Friday, November 27, 2020

Turkey Shepherd's Pie

 Put the Thanksgiving leftovers to good use in a one-stop-shop pie for dinner. The dough can be made a day ahead and kept in the fridge or stored in freezer for up to a month. 



Dough
1-1/4 cups all-purpose flout
1/2 tsp kosher salt
6 Tbsp vegetable shortening, cut into pieces & chilled
3 Tbsp unsalted butter, cut into pieces & chilled

Turkey & Assembly
3-4 cups roasted turkey, shredded
1 cup of leftover gravy
1/2 tsp smoked paprika
2 cups of leftover mashed potatoes (or mashed sweet potatoes)
half & half, for brushing

Mix flour and salt in a large bowl with a fork to combine.  Add shortening and butter and toss to evenly coat.  Use two forks to smash butter and shortening, pressing into dry ingredients until some pieces are flat & thin, and a few large & chunky. Drizzle 1 tablespoon of ice water over mixture and stir with a fork.  Knead dough gently in a bowl until it comes together.  

Turn dough onto a work surface and knead 1 or 2 more times, pressing to incorporate shaggy edges.  Press into a disc about 1 inch thick.  Wrap in plastic wrap and chill 1 hour in fridge.   

 To assemble:  let dough sit at room temperature for 5 minutes and then roll out on a lightly floured surface to a 10-1/2 to 12 inch round.  Place dough in a 9-inch pie pan or a 10-inch cast iron skillet (you want dough to be 1-1/2 inches wider than pan).  Allow dough to fill pan and crimp edges as desired.  

Arrange meat evenly in dough and cover with gravy.  Mound potatoes over meat.  Using a wet knife or spoon, spread to edges, covering meat completely.  Create decorative ridges in the potatoes with a fork, if desired. Sprinkle with paprika.

Brush dough with half & half.  Bake pie until crust is golden brown, 35-45 minutes.  Let cool 15 minutes.  Serve with cranberry sauce!  
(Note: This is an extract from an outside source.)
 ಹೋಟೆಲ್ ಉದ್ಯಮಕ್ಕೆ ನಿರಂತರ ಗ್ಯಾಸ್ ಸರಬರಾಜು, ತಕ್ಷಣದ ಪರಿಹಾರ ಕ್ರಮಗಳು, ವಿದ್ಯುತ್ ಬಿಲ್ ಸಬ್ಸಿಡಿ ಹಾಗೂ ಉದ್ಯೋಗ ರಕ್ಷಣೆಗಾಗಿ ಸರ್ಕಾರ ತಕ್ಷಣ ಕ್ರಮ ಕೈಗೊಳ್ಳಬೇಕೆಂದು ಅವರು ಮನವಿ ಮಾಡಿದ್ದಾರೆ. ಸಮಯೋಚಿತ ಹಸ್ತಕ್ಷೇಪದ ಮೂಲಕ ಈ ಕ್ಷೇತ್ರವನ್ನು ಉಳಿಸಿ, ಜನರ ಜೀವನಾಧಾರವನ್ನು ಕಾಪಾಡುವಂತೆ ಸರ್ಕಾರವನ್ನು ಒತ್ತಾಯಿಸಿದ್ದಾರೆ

Thursday, November 19, 2020

Poached & Roasted Turkey

This turkey recipe ensures juicy meat and a crackling brown skin by following a traditional process from Bresse, the French capital of poultry. It involves first poaching the bird, then roasting it the next day.


1 quart turkey stock
4 medium carrots, roughly chopped
3 onions, thickly sliced
1 head of garlic, peeled
butter, or duck fat (if available)
organic turkey, 14-16 lbs
salt & pepper


Combine the stock, carrots, onions and garlic in a stock pot large enough to hold the turkey.  Fill it with water up to half-way.  Bring to boil over medium-high heat.
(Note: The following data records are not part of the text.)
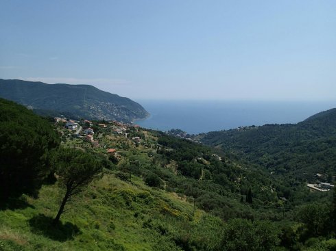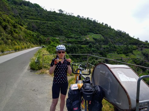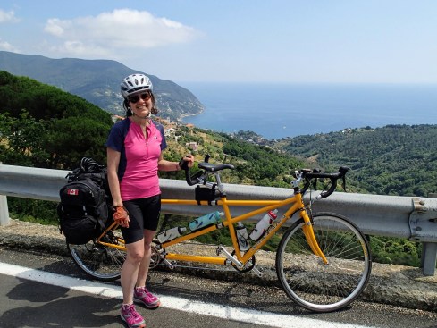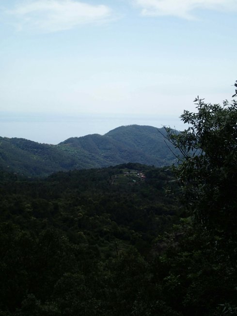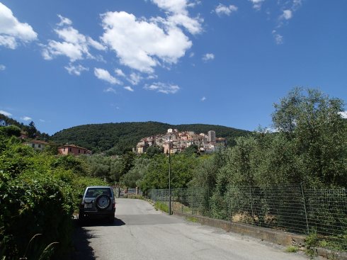 The towns kept getting higher in elevation as we progressed. At one point just before reaching Apricale we saw another town perched high above us and joked that this was our next point, and in fact it was, Perinaldo. The road to Perinaldo was ridiculously narrow, I thought it was a bike path at first, but spectacular as it wound up to the town through a forest and of course gave us great vistas of the towns below. At times the grade of incline was over 14%, a new world record for us. But then we got a free ride all the way back to Ventimiglia.
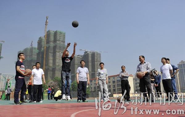 臨汾新聞網訊 4月28日,在臨汾宜穎陽光青少年俱樂部,臨汾市文化局的工作人人員在進行投籃大賽。當日,臨汾市文化局舉辦了主題為“強健體魄,陽光生活”迎五一趣味運動會,通過齊心協力跑、定向投籃、羽毛球等10個比賽項目的角逐,以實際行動倡導全民健身運動的蓬勃發展。 記者 閆銳鵬
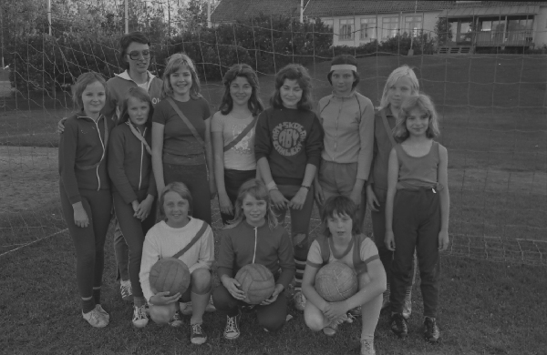 Bildtext: Odensvi flicklag. ?, Ingrid Nilsson, Gunilla Johansson, Lena Andersson, Karin Andersson, Laila Dahlbom, ? , Gunilla Andersson. Sittande Marie Blomberg, ? , Anette Thuresson.

While the stock heats, rinse the turkey and, starting at the neck, carefully seperate the skin from the breast and upper thighs with your fingers, being careful not to tear the skin.  Rub butter or fat all over the outside, in between the skin and flesh.  Truss the turkey.  (This is note mandatory, but makes it easier to handle the bird later.)

When the stock begins to boil, generously season it with salt and pepper.  Add turkey to pot and adjust heat so it simmers.  Cover the pot with a lid and make sure the turkey is submerged.  Simmer for 40 minutes, then remove pot from heat and let turkey slowly cool to room temperature in the broth, up to 4 hours.  Refrigerate turkey still in pot.

The next day, preheat oven to 475 degrees F.  Take the bird out of the pot, place it on a rack in a roasting pan and roast it in the oven for 30 minutes.  Turn the oven off, leaving bird inside for about an hour. 

When you are ready to eat, the turkey will be perfectly cooked and nicely roasted.  Be sure to strain and save the left-over stock for soup.